In early May, the FDA released the draft guidance for industry entitled “Use of Circulating Tumor DNA for Early-Stage Solid Tumor Drug Development,” which is intended to help sponsors planning to use circulating cell-free plasma derived tumor deoxyribonucleic acid (ctDNA) as a biomarker in cancer clinical trials conducted under an investigational new drug application (IND) and/or to support marketing approval of drugs and biological products for treating solid tumor malignancies in the early-stage setting. With the further standardization of assay procedures, this makes it possible for ctDNA to be a patient stratification factor or even an early endpoint in clinical trials.

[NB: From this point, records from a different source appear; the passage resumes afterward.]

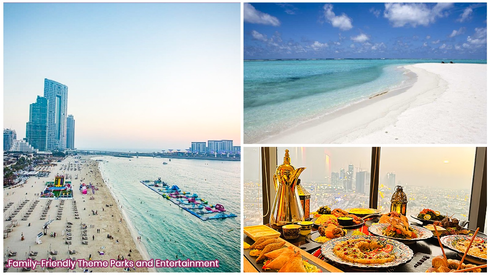 Dubai is highly family-friendly for first-timers. Activities such as Aquaventure Waterpark, Dubai Aquarium, IMG Worlds of Adventure, and Global Village are suitable for children of all ages. There is a children-friendly swimming area at JBR Beach. Families can enjoy cultural performances, desert safari, and dhow cruises with halal food.
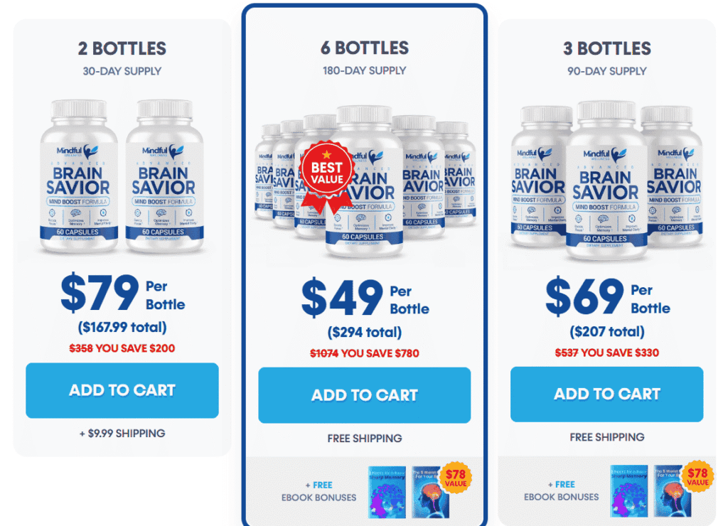 Brain Savior is available through official online channels, with multiple package options designed to suit different usage needs and budgets. Pricing varies depending on the number of bottles selected, and larger bundles offer better overall value.
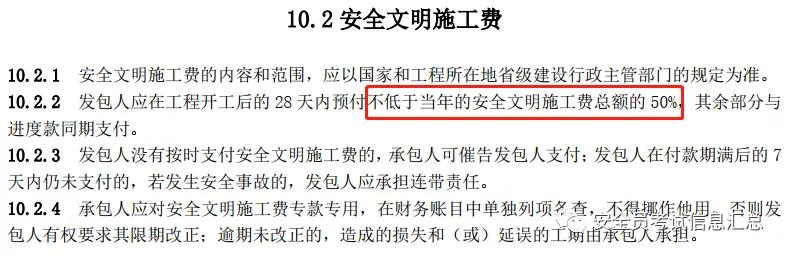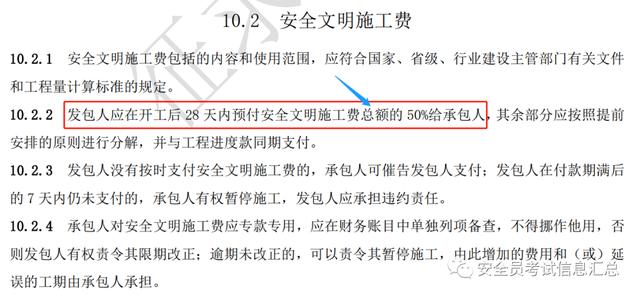 对于安全人来说,在开工28天内就可以拿到50%的安全文明施工费,使得施工安全投入更有保障,可谓是一个好消息!

Currently, ctDNA-MRD is divided into two completely different technical routes: “tumor-informed assays” (performing whole exome sequencing on tumor tissues, and then selecting a set of variants to track and design a customized ctDNA panel) and “tumor-naïve/agnostic assays” (usually using a fixed panel, with design focusing on cancer driver genes and targeted specific genes, often combined with multi-omics approaches like methylation for detection)”. Both methods have their own unique advantages, and commercial products have also been launched. In addition, as detection companies dig deeper into the molecular characteristics of tumors (e.g. lung cancer, colorectal cancer, liver cancer, etc.) in the Chinese population, a fixed panel (Population-based Panel) is increasingly used as a regime for companion diagnostics of tumor tissues in clinical settings and ctDNA-MRD monitoring. The above-mentioned clinical studies initiated by Genecast Biotechnology and Gene+ have adopted similar technical regimes, and sequencing analysis can be done with DNBSEQ-400* and DNBSEQ-T7*.

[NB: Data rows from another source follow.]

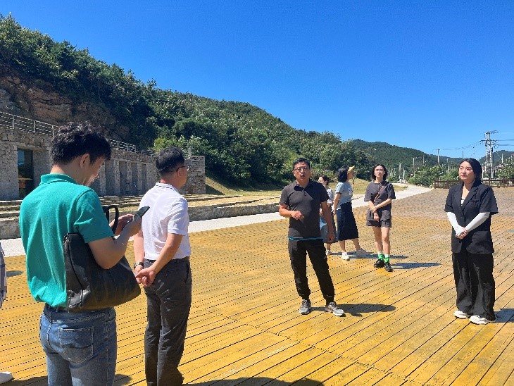 第二站,团队成员到达了羊亭镇,考察了贝草夼村和宝石山片区。贝草夼村位于里口山近郊休闲样板片区,已成功打造为集乡村休闲旅游、田园亲子体验、生态居住餐饮于一体的田园综合体。贝草夼村还充分利用丰富的红色资源,建成独具特色的地下交通站纪念馆,成为各单位开展党史学习教育的红色主阵地之一。
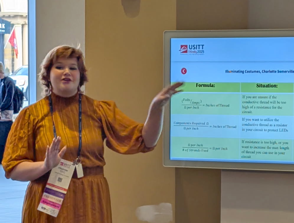 “It essentially went over the results from my research that allows conductive thread to be a viable alternative to wire when integrating lights into costumes or significantly reducing the number of wires necessary,” she explained. “The conference was super beneficial to me in starting my career network. I got to talk with various graduate schools and employers looking for costume work over the summer, which will give me practical work experience outside of NMU. I also connected with industry professionals and started building relationships that will help me progress in the field.”
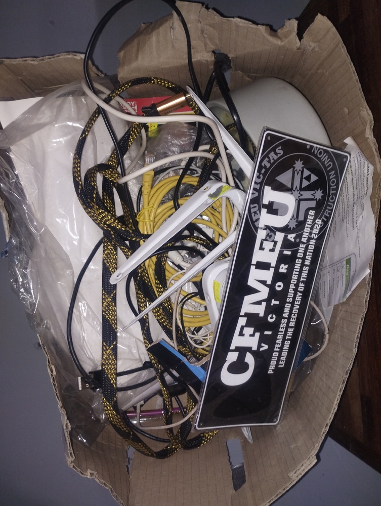 Box of assorted cables & bric-a-brac
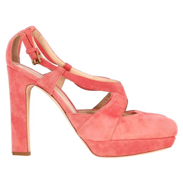 Jil Sander Cross Strap Chunky Heel Platform Pumps in Koraal Suède Prijzen
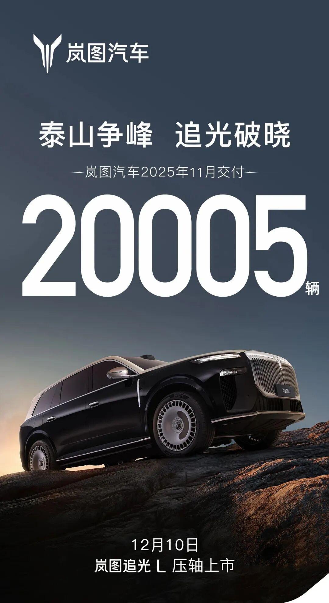 本月,岚图汽车旗下旗舰车型将再度焕新。“新时代旗舰轿车”岚图追光L将于12月10日正式上市,对豪华轿车市场发起冲击。新车全系搭载华为乾崑智驾ADS 4与鸿蒙座舱HarmonySpace 5,标配四驱系统及800V岚海智能超混,纯电续航达410km,20%电量充至80%仅需12分钟,智能与豪华配置行业领先。
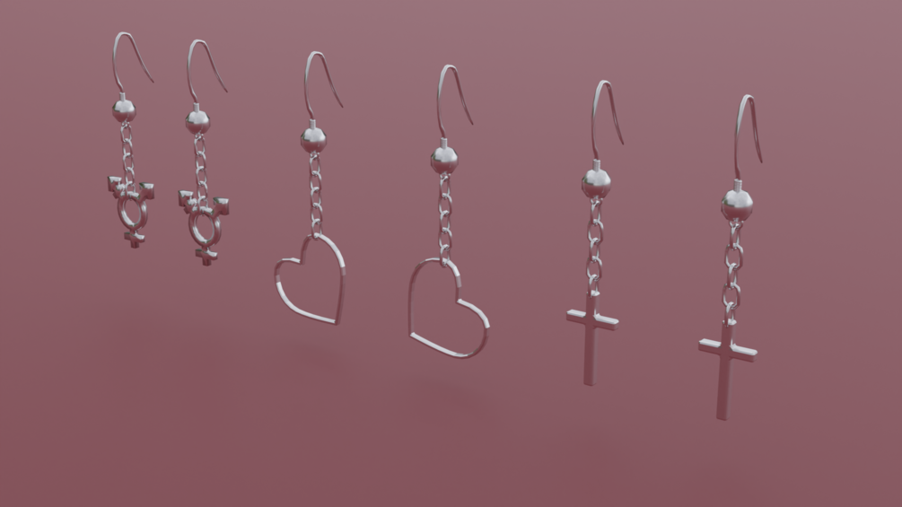 Each earring is around 2-2.5k polygons and has 7 bones. Includes left and right earrings rigged to individual armatures.
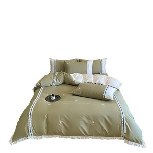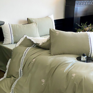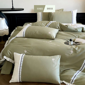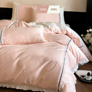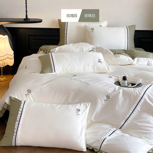 现代简约轻奢风全棉水洗棉四件套少女心玫瑰花刺绣木耳小花边被套
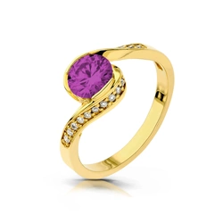 Złoty klasyczny pierścionek mijanka z Ametystem 1,5 ct i cyrkoniami

Due to its outstanding advantages on low duplication rate and high utilization rate of effective data, MGI's DNBSEQ™ technology* is especially suitable for high-depth sequencing and analysis of samples with relatively low concentration and complex background such as peripheral blood and ctDNA. It can further make sequencing economically affordable, reduce financial burden due to repeated tests, and contribute to the popularization of MRD testing. In addition, MGI's DNBSEQ™ techonology* provides a complete solution based on “WES+ Customized Panel.” To date, MGI's DNBSEQ™ techonology* has achieved full adaptation to mainstream WES products on the market. Another core technology, ATOPlex Platform, can enable the entire process from tumor tissues WES, personalized Panel design and ordering (gene locus online submission - automated design - standardized production - quality inspection and delivery) to ctDNA-MRD monitoring.

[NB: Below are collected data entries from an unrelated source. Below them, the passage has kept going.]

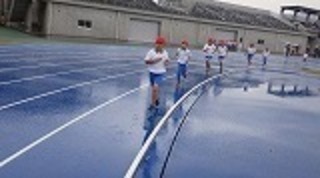 スタート直後の笑顔が、徐々に苦しく辛い表情に変わっていく子供たち…。でも、誰一人リタイアすることなく、ゴールまで走り切ることができました。これまでの練習で培った持久力と、何より雨の中、競技場に応援においでくださったご家族の皆さんの温かい声援のおかげです。子供たち一人一人、本当に頑張りました!
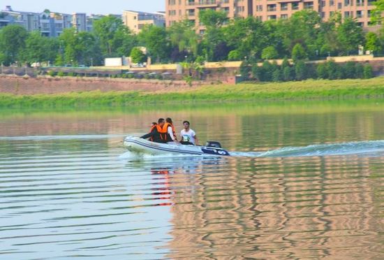 談起買沖鋒艇的緣由,小彭自嘲說(shuō),他是“沒(méi)有車的窮二代”,但是他有駕照會(huì)開(kāi)車,也偶爾借朋友的車開(kāi),有時(shí)打出租車出行,“特別是早晚高峰的時(shí)候,路上那個(gè)堵啊,所以我一直沒(méi)有買車?!毕氲綐?lè)山城三江環(huán)繞,水域?qū)拸V,他便產(chǎn)生了買沖鋒艇的想法。
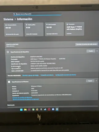 Computer portatile da gioco Acer Nitro 16 — RTX 4070 Vendo un laptop da gioco ad alte prestazioni acquistato 1 mese fa. Caratteristiche principali: Windows 11 Pro Processore AMD Ryzen 7 7735HS Grafica Nvidia GeForce RTX 4070 (8 GB) Display WQXGA da 16" (2560x1600), 165 Hz 16 GB di RAM DDR5 SSD DA 1 TB Wi-Fi 6E, Bluetooth 5.3 Tastiera retroilluminata in spagnolo Sistema di raffreddamento ottimizzato Peso: 2,7 kg Include: Scatola originale caricabatterie Garanzia ufficiale di 3 anni (El Corte Inglés) Condizioni impeccabili, può essere visto e provato
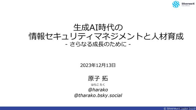 成する Text to image AI が話題になり、その後、⽂章を書くAIとし て2022年末に”ChatGPT”がリリースされてテキスト⽣成AIの進化にみ んなが驚きブームとなった。 当然、企業でもビジネスへの活⽤が検討され、すでに活⽤事例を⽬に するようになっています。⼀⽅で、セキュリティ⾯については、 なりすましや詐欺、プライバシーや権利の侵害、サイバー攻撃などセ キュリティ⾯のリスクがあり、対応が必要となります。 注)原⼦調べ
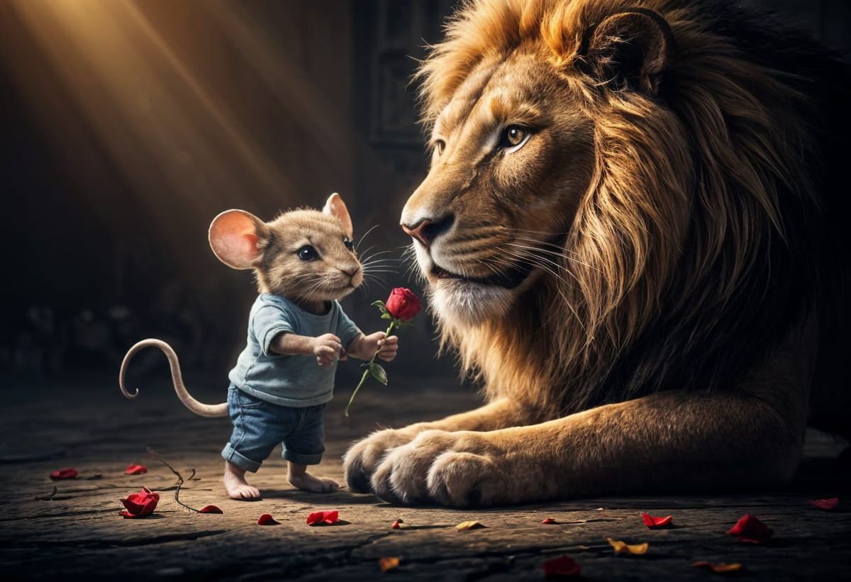 This image shows an anthropomorphic mouse helping a lion with a thorn. Rendered with hyperdetailed CGI, it features dramatic lighting and sharp focus for a lifelike fantasy realism look.
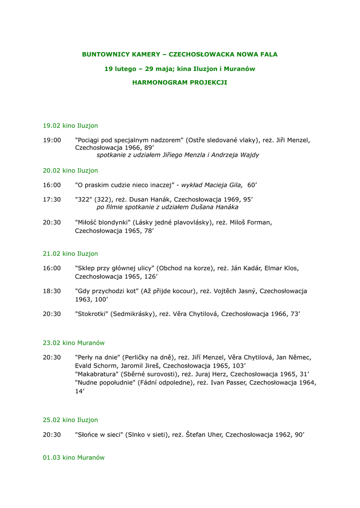 BUNTOWNICY KAMERY – CZECHOSŁOWACKA NOWA FALA 19 lutego – 29 maja; kina Iluzjon i Muranów HARMONOGRAM PROJEKCJI 19.02 kino Iluzjon 19:00 "Pociągi pod specjalnym nadzorem" (Ostře sledované vlaky), reż. Jiři Menzel, Czechosłowacja 1966, 89’ spotkanie z udziałem Jiřiego Menzla i Andrzeja Wajdy 20.02 kino Iluzjon 16:00 "O praskim cudzie nieco inaczej” - wykład Macieja Gila, 60’ 17:30 "322" (322), reż. Dusan Hanák, Czechosłowacja 1969, 95’ po filmie spotkanie z udziałem Dušana Hanáka 20:30 "Miłość blondynki" (Lásky jedné plavovlásky), reż. Miloš Forman, Czechosłowacja 1965, 78’ 21.02 kino Iluzjon 16:00 "Sklep przy głównej ulicy" (Obchod na korze), reż. Ján Kadár, Elmar Klos, Czechosłowacja 1965, 126’ 18:30 "Gdy przychodzi kot" (Až přijde kocour), reż. Vojtěch Jasný, Czechosłowacja 1963, 100’ 20:30 "Stokrotki" (Sedmikrásky), reż. Věra Chytilová, Czechosłowacja 1966, 73’ 23.02 kino Muranów 20:30 "Perły na dnie" (Perličky na dně), reż. Jiří Menzel, Věra Chytilová, Jan Němec, Evald Schorm, Jaromil Jireš, Czechosłowacja 1965, 103’ "Makabratura" (Sběrné surovosti), reż. Juraj Herz, Czechosłowacja 1965, 31’ "Nudne popołudnie" (Fádní odpoledne), reż. Ivan Passer, Czechosłowacja 1964, 14’ 25.02 kino Iluzjon 20:30 "Słońce w sieci" (Slnko v sieti), reż. Štefan Uher, Czechosłowacja 1962, 90’ 01.03 kino Muranów 20:30 "Ucho" (Ucho), reż. Karel Kachyňa, Czechosłowacja 1970, 92’ 03.03 kino Iluzjon 20:30 "Bokser i śmierć" (Boxer a smrt'), reż. Peter Solan, Czechosłowacja 1972, 103’ 08.03 kino Muranów 20:30 "Waleria i tydzień cudów" (Valerie a týden divů), reż. Jaromil Jireš, Czechosłowacja 1970, 74’ 10.03 kino Iluzjon 20:30 "Ja, Julinka i koniec wojny" (Ať žije republika), reż. Karel Kachyňa, Czechosłowacja 1965, 128’ 15.03 kino Muranów 20:30 "Czarny Piotruś" (Černý Petr), reż. Miloš Forman, Czechosłowacja 1964, 85’ 17.03 kino Iluzjon 20:30 "Najpiękniejszy wiek" (Nejkrásnější věk), reż. Jaroslav Papoušek, Czechosłowacja 1968, 75’ 22.03 kino Muranów 20:30 "Dzień siódmy, ósma noc" (Den sedmý, osmá noc), reż. Evald Schorm, Czechosłowacja 1969, 100’ "Ogród" (Zahrada), reż. Jan Švankmajer, Czechosłowacja 1968, 16’ 24.03 kino Iluzjon 20:30 "Nikt się śmiać nie będzie" (Nikdo se nebude smát), reż. Hynek Bočan, Czechosłowacja 1965, 94’ 29.03 kino Muranów 20:30 "Dzień nasz codzienny” (Deň náš každodenný), reż. Otakar Krivánek, Czechosłowacja 1969, 89’ 31.03 kino Iluzjon 20:30 "Transport z raju" (Transport z ráje), reż. Zbyněk Brynych, Czechosłowacja 1962, 92’ 05.04 kino Muranów 20:30 "Przypadek dla początkującego kata" (Případ pro začínajícího kata), reż. Pavel Juráček, Czechosłowacja 1969, 102’ "Kilian zawsze wraca" (Postava k podpírání), reż. Pavel Juráček, Jan Schmidt, Czechosłowacja 1963, 37’ 07.04 kino Iluzjon 20:30 "Powrót syna marnotrawnego" (Návrat ztraceného syna), reż. Evald Schorm, Czechosłowacja 1966, 99’ 12.04 kino Muranów 20:30 "Dialog 20-24-60" (Dialóg 20-24-60), Peter Solan, Zbyněk Brynych, Jerzy Skolimowski, Czechosłowacja 1968, 78’ 14.04 kino Iluzjon 20:30 "Piąty jeździec Apokalipsy" (… a páty jezdec je Strach), reż. Zbyněk Brynych, Czechosłowacja 1964, 95’ 19.04 kino Muranów 20:30 "Chrystusowe lata" (Kristove roky), reż. Juraj Jakubisko, Czechosłowacja 1967, 95’ 20.04 kino Iluzjon 20:30 "Hotel dla cudzoziemców" (Hotel pro cizince), reż. Antonín Máša, Czechosłowacja 1966, 103’ 26.04 kino Muranów 20:30 "Pierwszy krzyk" (Křik), reż. Jaromil Jireš, Czechosłowacja 1963, 78’ 28.04 kino Iluzjon 20:30 "Lampy naftowe" (Petrolejové lampy), reż. Juraj Herz, Czechosłowacja 1971, 100’ 05.05 kino Iluzjon 20:30 "Morgiana" (Morgiana), reż. Juraj Herz, Czechosłowacja 1972, 99’ 10.05 kino Muranów 20:30 "Męczennicy miłości" (Mučedníci lásky), reż. Jan Němec, Czechosłowacja 1966, 60’ 12.05 kino Iluzjon 20:30 "Obrazy starego świata" (Obrazy starého sveta), reż. Dušan Hanák, Czechosłowacja 1972, 64’ "Woda i praca" (Voda a práca), reż. Martin Slivka, Czechosłowacja 1962, 10’ "Zawitał do nas Old Shatterhand" (Prišiel k nám Old Shatterhand), reż. Dušan Hanák, Czechosłowacja 1966, 12’ 17.05 kino Muranów 20:30 "Wszyscy dobrzy rodacy” (Všichni dobří rodáci), reż. Vojtěch Jasný, Czechosłowacja 1968, 116’ 19.05 kino Iluzjon 20:30 "Prywatna burza” (Soukromá vichřice), reż. Hynek Bočan, Czechosłowacja 1967, 96’ 24.05 kino Muranów 20:30 "Konkurs” (Konkurs), reż. Miloš Forman, Czechosłowacja 1963, 82’ 26.05 kino Iluzjon 20:30 "Zabita niedziela" (Zabitá neděle), reż. Drahomíra Vihanová, Czechosłowacja 1969, 78’ 27.05 kino Iluzjon 17:30 "Pali się, moja panno" (Hoří, má panenko!), reż. Miloš Forman, Czechosłowacja 1967, 70’ 19:30 "Ptaszki, sieroty i głupcy" (Vtáčkovia, siroty a blázni), reż. Juraj Jakubisko, Czechosłowacja 1969, 78’ po filmie spotkanie z udziałem gościa: Magdy Vášáryovej 28.05 kino Iluzjon 16:00 "Gdy skończy się ta noc" (Kým sa skončí táto noc), reż. Peter Solan, Czechosłowacja 1965, 91’ 18:00 "Palacz zwłok" (Spalovač mrtvol), reż. Juraj Herz, Czechosłowacja 1968, 96’ 20:30 "Straszne skutki awarii telewizora" (Ecce Homo Homolka), reż. Jaroslav Papoušek, Czechosłowacja 1969, 80’ 29.05 kino Iluzjon 16:00 "Uroczystość w ogrodzie botanicznym" (Slávnost v botanickej záhrade), reż. Elo Havetta, Czechosłowacja 1969, 95’ 18:00 "Intymne oświetlenie" (Intimní osvětlení), reż. Ivan Passer, Czechosłowacja 1965, 70’ 20:30 "Skowronki na uwięzi" (Skřivánci na niti), reż. Jiří Menzel, Czechosłowacja 1969, 91’ Większość projekcji poprzedzą prelekcje filmoznawców Bilety: w cenie 15 zł do nabycia w kasach kin oraz on-line (brak możliwości nabycia karnetów) Kino Iluzjon – Muzeum Sztuki Filmowej ul. Narbutta 50a tel: 22 848 33 33;

MGI's DNBSEQ™ technology* empowers partners in the ecosystem to develop innovative products. MGI is also committed to working with partners to promote the clinical use and popularization of ctDNA-MRD together. On May 19, Genecast Biotechnology and MGI jointly held the first online session in South China of a series of expert seminars on precision therapy. Experts in the field of thoracic surgery and lung cancer from several hospitals in Guangdong and Guangxi provinces held discussions on the LUNGCA-1 study and clinical value of ctDNA-MRD detection in decision-making of postoperative treatment for patients with lung cancer. Experts focused on “how to screen stage I NSCLC patients for MRD detection,” “how to balance the value of transition detection and patient detection,” and other topics. While recognizing the value of MRD, they also look forward to the emergence of new clinical research results and evidence to help improve the survival benefits for cancer patients.

*Unless otherwise informed, StandardMPS and CoolMPS sequencing reagents, and sequencers for use with such reagents are not available in Germany, USA, Spain, UK, Hong Kong, Sweden, Belgium, Italy, Finland, Czech Republic, Switzerland, Portugal, Austria and Romania.